> **What you have to do**:
The required output is the lines from the one with "Solange weißes gestricktes Faltenminikleid" through the end of the data, repeated verbatim, with no pictures included.

> **Source material**:
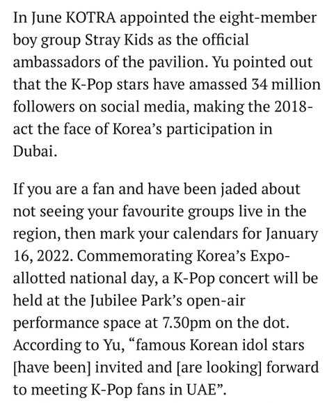 뭐? 스키즈는 대한민국과 케이팝을 대표하기 위해 두바이에 갈게?
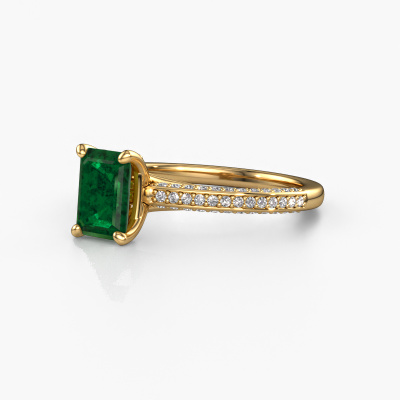The ring shown above is called the Elenore eme. We call this type of ring a pavé solitaire ring because it has one centre gemstone and a band that is also pave set with gemstones. This engagement ring is made in 14 Carat gold set with a 7x5 mm emerald cut emerald, and pave set lab-grown diamonds at the sides. Each piece of jewellery is made just for you, with attention to detail and design.This exclusive gold pavé solitaire engagement ring has an exquisite emerald cut emerald centre stone. To further accentuate the centre stone, the band is set full with more lab-grown diamonds. Its open prong setting allows light to strike the emerald from various angles and this adds sparkle to your emerald ring. The photo shown above depicts the goldsmith's carefully handcrafted details of the ring. The high positioning of the centre stone is truly eye-catching. The perfect engagement ring for the crown jewel of your life!Are you on a budget? Please feel free to contact us, so we can go discuss your options. We offer our engagement rings at guaranteed best price, because we make them to order. You won't find such a price anywhere else!Have you found a specific engagement ring somewhere which you would like to give to your loved one? Please feel free to express your wishes to our jewel designers because we would be honoured to turn your design into a exclusive engagement ring. You can follow the development of your ring design because we use 3D drawings. This gives you a realistic preview of how your design will look. You can also preorder a dummy. A dummy is a plastic ring, which can be shaped according your ring design. You can try it on and check if its width and size are suitable for you. We will gladly send you a non-binding offer, based on a fair price/ quality ratio. It will amaze you, considering the quality of the ring and gemstones.To make it easier for you, we offer a 30 day return policy. Check our terms and conditions.
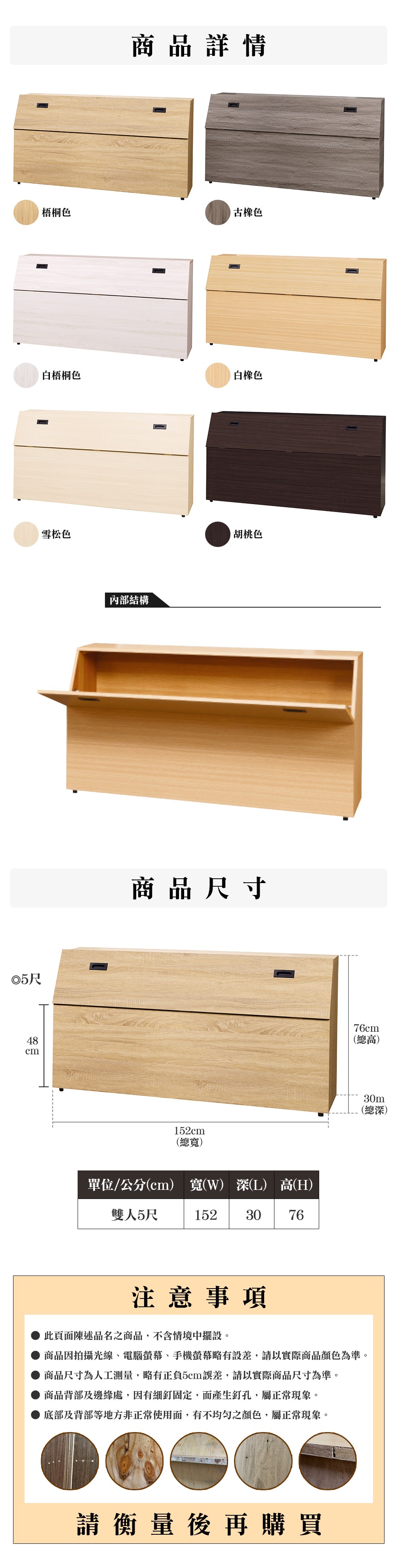 【顛覆設計】簡約收納床頭箱(雙人5尺)白橡色
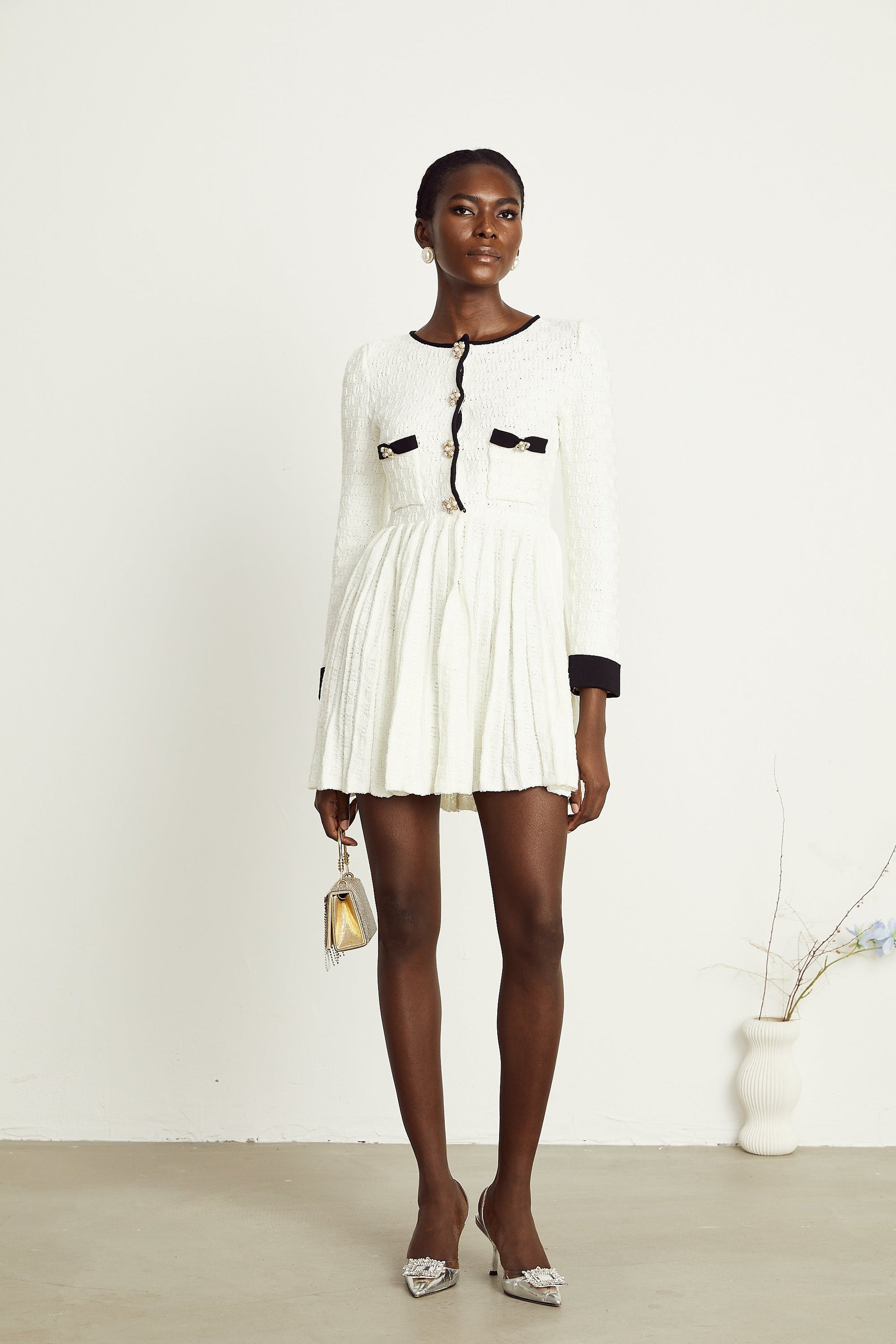 Solange weißes gestricktes Faltenminikleid
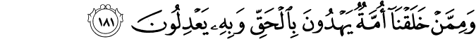 Translit: Wamimman khalaqna ommatun yahdoona bialhaqqi wabihi yaAAdiloona
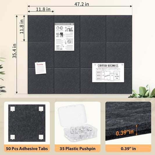 Smarpau Large Felt Cork Board, 12 Pack Black Bulletin Board for Walls 48"x36", Corkboards with Safe Removable Adhesive Tabs Pushpins, Cork Bulletin Board for Home Office

> **Problem solution**:
 Solange weißes gestricktes Faltenminikleid
 Translit: Wamimman khalaqna ommatun yahdoona bialhaqqi wabihi yaAAdiloona
 Smarpau Large Felt Cork Board, 12 Pack Black Bulletin Board for Walls 48"x36", Corkboards with Safe Removable Adhesive Tabs Pushpins, Cork Bulletin Board for Home Office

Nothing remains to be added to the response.